I don't really recall the last time I posted a blog, though lately I've been craving to free these voices inside of me that I haven't really had an outlet to do so - until now. I'm really lazy to study, I think I only spent three hours at Broadway Coffee but because of all the partying I did last night after another three hours of studying my mind was elsewhere.

I wasn't sure how I would approach the topic (it being my first on my new website with a new host) of changes, considering the term is so vague and now every time I hear it I think about Obama & his campaign for presidency. I thought it up when I combined my trip to Vegas three weeks ago & the events of last night. When one brings up that they have become a changed person it's always safe to assume that they changed for the best. Acknowledged their faults and altered them accordingly; but when one changes for the worse it's always a much more dangerous situation. Especially when you anticipate that you've reconnected with a better person.

There's a little "I told you so" voice repeating itself in the back of my head, yet another says - it's all part of the learning process. I don't think  I was the same person I was three weeks ago.
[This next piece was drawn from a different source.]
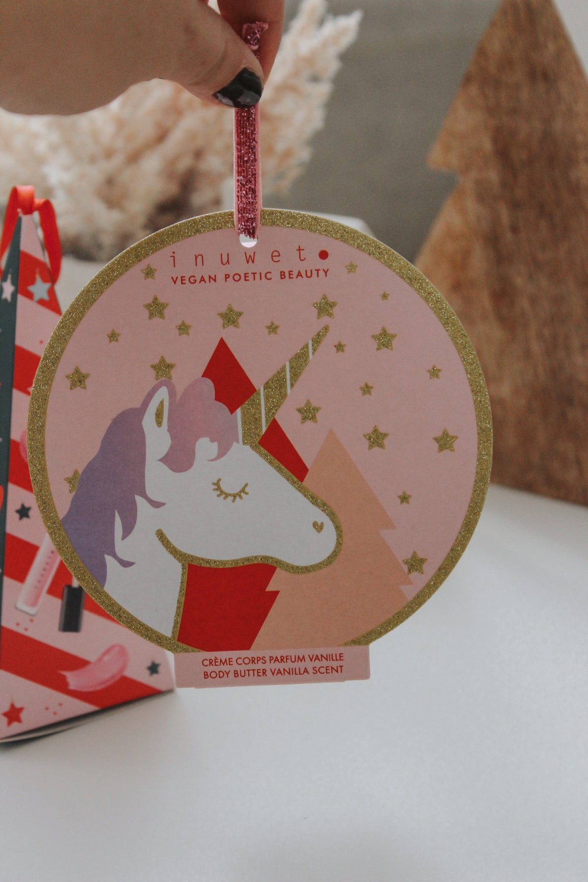 Superbe ornement licorne de Inuwet. Parfait pour ajouter une petite surprise dans le sapin, le coffret contient une crème de corps à senteur de vanille. Le produit est végan et adapté aux enfants de 3 ans et +. Une petite idée qui ajoutera certainement un peu de magie au temps des fêtes.

Perhaps in personality, but the way I approach relationships has changed ever so slightly. I've actually reached what I consider to be a darker phase of my already non-existent love life. Is that possible? Perhaps I've considered my approach to be much more straight-forward. Can I see myself dating you? I can't? Well then I guess you're just going to have to go. I've learned that even if you think you've found the smartest, most honest person you will ever encounter - they can turn on a dime, show you facets you've never seen, sides you've never really considered.

There's always two sides of a person, and there's always two sides to a coin - but the sides of the coin can never change. Does the same theory-craft apply to people as well?